Он оторопно вскинулся, но сугробного старца никак не нашарил растерянными глазами, подумал: «Явился не зван, отступился не гнан». И вдруг от боли – взрывом-полымем, распёршим голову, замотал мокрыми патлами, тщась вытряхнуть из неё нестерпимую жечь, как из кадила раскалённые до бела уголья, и не слышал, как за спиной на монастырской колокольне кто-то раз один гулкнул в ночной колокол. Звон испуганно запорхал над обителью, но его тут-же ухапала, как сглотнула, промозглая темень…

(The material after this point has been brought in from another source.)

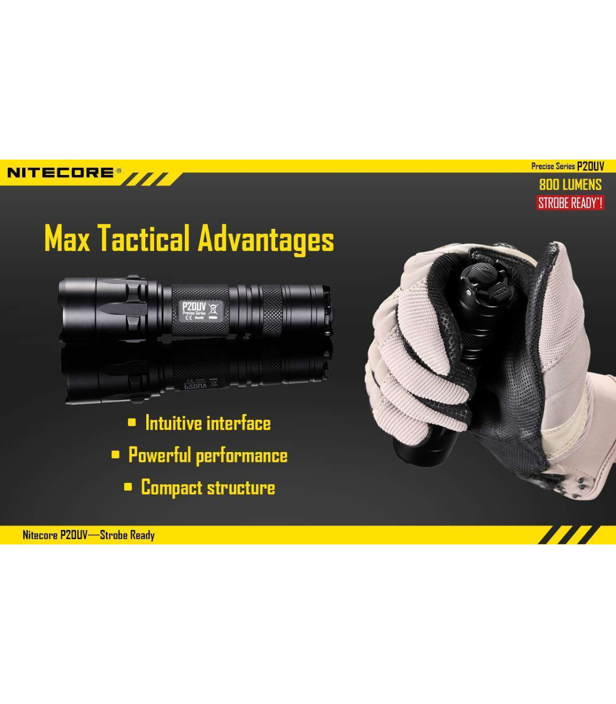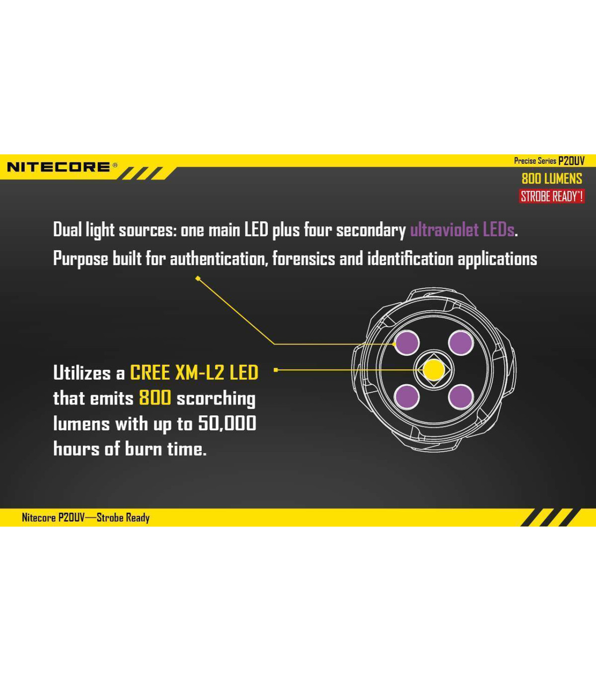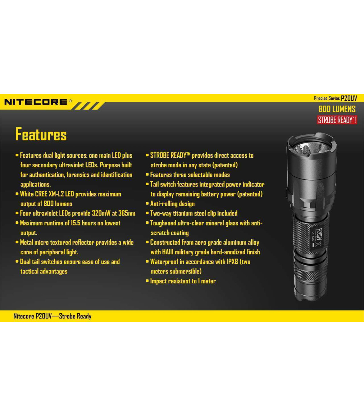 The Nitecore P20UV is a powerful, compact flashlight that can produce an impressive 800 lumens. The light also has two innovative features designed with law enforcement in mind including a direct access to strobe function and UV black light useful for forensic analysis.

Никон всё так же одиноко сидел на холодном валуне, даже верного Шушеру, принесшего тёплую телогрею и мису жидкой монастырской каши, прогнал назад в келию. Боль в голове поутихла, дала отрадную ослабу, он отдыхал от приступа и ни о чём не хотелось думать, но давние деяния без спросу навяливались на память и властно поводырили в прошлое, всякий раз укорно саднящее, а чаще терзающие совесть долгой и запутанной, как кудель у нерадивой пряхи, многогрешной жизни. И теперь, то одни, то другие видения смахивались пряжей с веретена, лохматились и рвались, снова вязались одно с другим и несть им было конца.
Палачи старости – воспоминания! И хотел ли, не хотел Никон, но в них он, всё ещё властный патриарх российский, шествовал в этот миг к литургии в Большое Успение, постукивая владычным посохом по плитам соборной площади. И тут, у ступеней, ведущих на широкую паперть, возник перед ним ванькой-встанькой бывший протопоп Неронов, коего лично расстриг и проклял и мантию сволок и в монастырь дальний сослал под надзор строгий, тереть зерно ручными жерновами.
– Всё меня ловишь, – выгордясь, руки в боки, спросил Иван. – Вот он я, без боязи. – И ладони протянул. – Вяжи, хошь лестовкой, хошь чётками, как тебе удобь.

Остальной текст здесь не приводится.